The Weekend Gourmet

Weekend Gourmet: Fall pepper bounty great for making hot sauce, but be sure to wear gloves

CorrespondentOctober 12, 2013 

Fred Thompson offers a hot sauce recipe to make use of the fall pepper bounty.

COURTESY OF FRED THOMPSON — Courtesy of Fred Thompson

It’s early fall, and peppers are coming in an abundance. A good signal is when Alex Hitt cranks up his pepper roaster at the Carrboro Farmer’s Market and the Pepper Festival showcases every known pepper, of every color and heat, that will grow in this region.

And I, oh, urban gardener that I am, realize that once again, I planted more pepper plants than I should have. Seems to me that jalapeño plants are like rabbits: they can reproduce in the blink of an eye. Other types are just as crazy. What do you do when your garden gives you a tidal wave of peppers?

In years past, I’ve taken the easy way out and roasted them, then divided them among freezer bags and thrown them in the freezer, which I did again this year for green chili cheeseburgers to come.

This year, I decide to think differently. I planted some Tabasco chilies and some red New Mexican chilies, along with my bells and jalapeños and had pretty good luck with them. I took 2 pounds of the jalapeños, which I sliced length-wise and seeded, along with a thinly sliced big onion and pickled them as I would a bread and butter pickle. They were kicking on a pimento cheese anything. But the Tabasco peppers were destined for a hot sauce.

The hot sauce is easy to make and keeps a really long time in the refrigerator. It has some potential for a holiday gift. There are a few words of warning I need to give you before you start the journey of hot sauce manufacturing.

First, go to a medical supply store and buy a box of un-powdered gloves. Or politely ask you medical professional for a few pairs.

You want tight fitting gloves, which make life so much easier when dealing with the peppers. Think you’re too manly for gloves? You may can get away with a good hand-washing when handling a few peppers, but once you’ve rubbed your eyes – especially with contacts, which you just ruined – and the pepper oil sets you afire, you’ll use gloves the next time.

Also, cut the exhaust fan in your kitchen to high and open a window to help with the fumes while cooking the peppers. I have failed to do both; it was painful, and that won’t ever happen again.

Using those caveats, the sauce is easy. It is a little thinner than commercial sauce, but the flavor is so fresh and lively that the thickness doesn’t matter.

Also experiment with the vinegar. Balsamic doesn’t work, but sherry vinegar adds a depth and sweetness that’s quite remarkable in a hot sauce.

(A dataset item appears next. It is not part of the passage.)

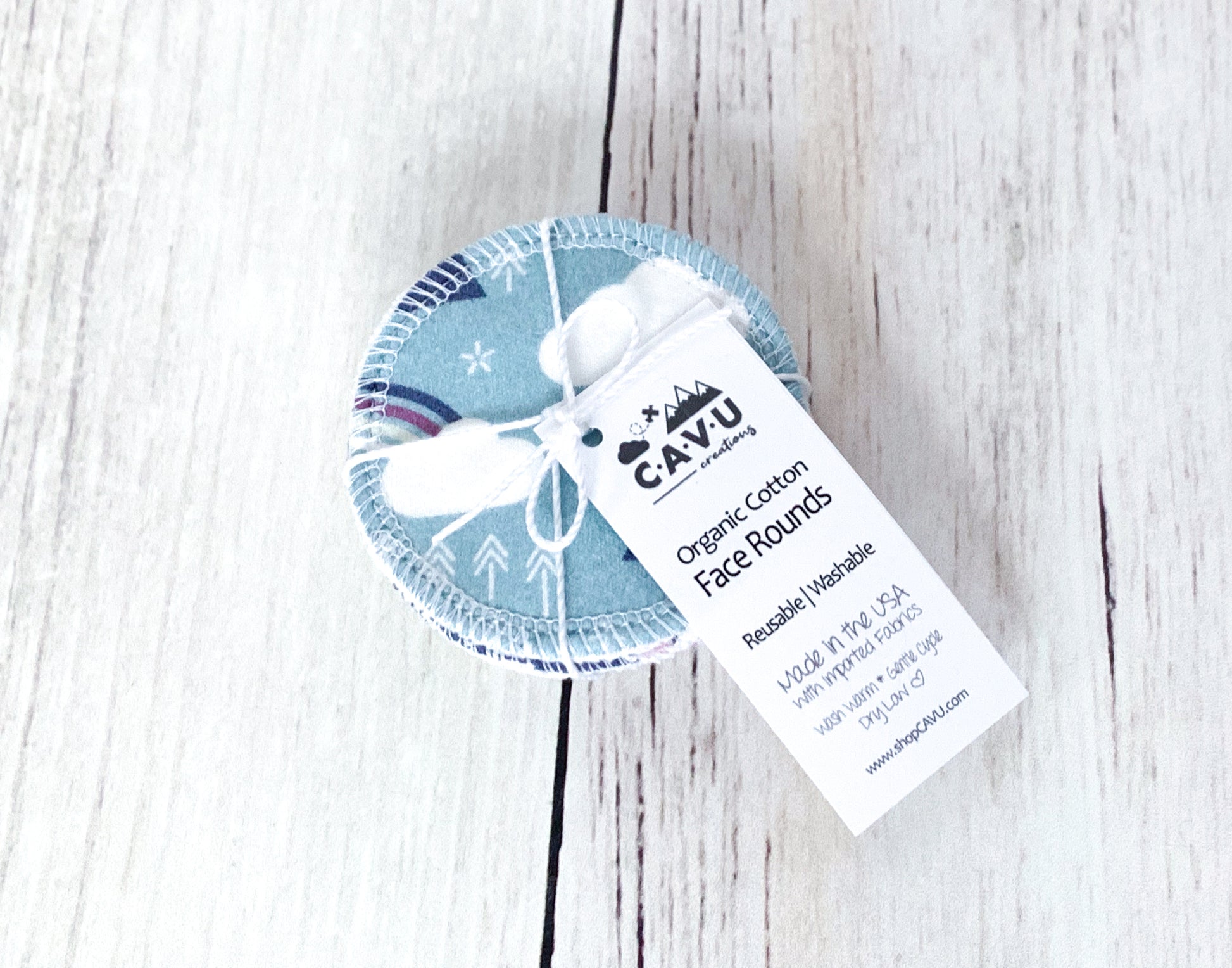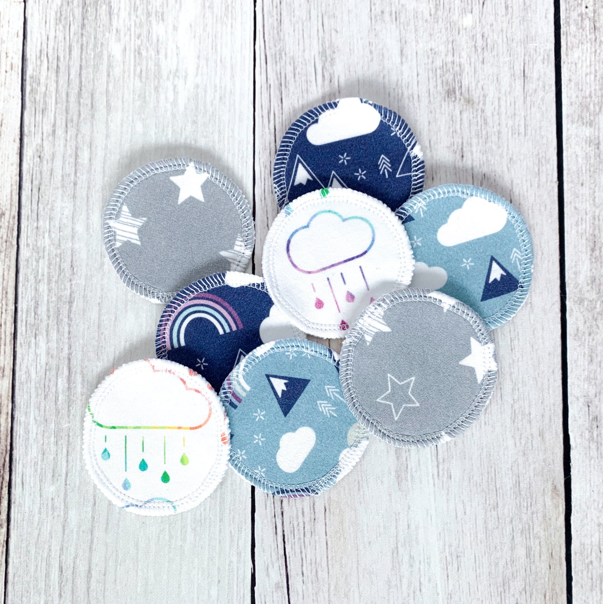 These rounds are handmade with two thick layers of 100% organic cotton fabric, securely joined with an overlocking stitch to give them a clean, finished edge that resists fraying. Each round measures just over 2.5” in diameter. One side has my exclusive prints on interlock fabric in a fun mix of clouds and rainbows in blues, teal, rainbow, and gray. The reverse is premium white double-brushed flannel.

I regularly use it for this recipe. The most classic style would be white distilled. For a bit of fruitiness, use apple cider vinegar to make your sauce. Mixing peppers also lets you have a more personalized or “house” sauce.

So if you’re picking pecks of peppers or buying them at the farmer’s market, give this sauce a try. I believe you will be pleased with the result and quite frankly proud of yourself for giving it a shot. Remember: gloves and ventilation!

Homemade Hot Pepper Sauce Serve with anything you normally serve with hot sauce. Use it straight from the bottle or as a base for Buffalo wings or barbecue sauces. It’s also great with sushi. To drink: Ice-cold beer. 1 teaspoon canola oil 20 Serrano or Tabasco chilies, or 12 jalapenos – the red ones are better – stemmed and sliced into 1/8-inch rings. The total weight of the chilies is about 10 ounces. One medium yellow onion, peeled and chopped 2 tablespoons finely chopped garlic 1 teaspoon kosher salt 2 cups water 1 cup white, cider or sherry vinegar

ADD oil, peppers, onions and garlic to medium saucepan and cook for about 3-5 minutes over high heat. Turn on stove vent fan.

POUR in water and continue cooking for about 20 minutes, or until peppers are soft and most liquid has evaporated.

REMOVE from heat, and let cool to room temperature. Don’t jump the gun; peppers need to continue to steep.

SCRAPE mixture into a food processor and puree until smooth, about 20 seconds. With motor running, add vinegar through feed tube in steady stream.

STRAIN mixture through fine mesh strainer.

STERILIZE pint jar with airtight lid; then pour pepper sauce into jar. Cover and refrigerate for at least 2 weeks before using. Will last in refrigerator for 6 months.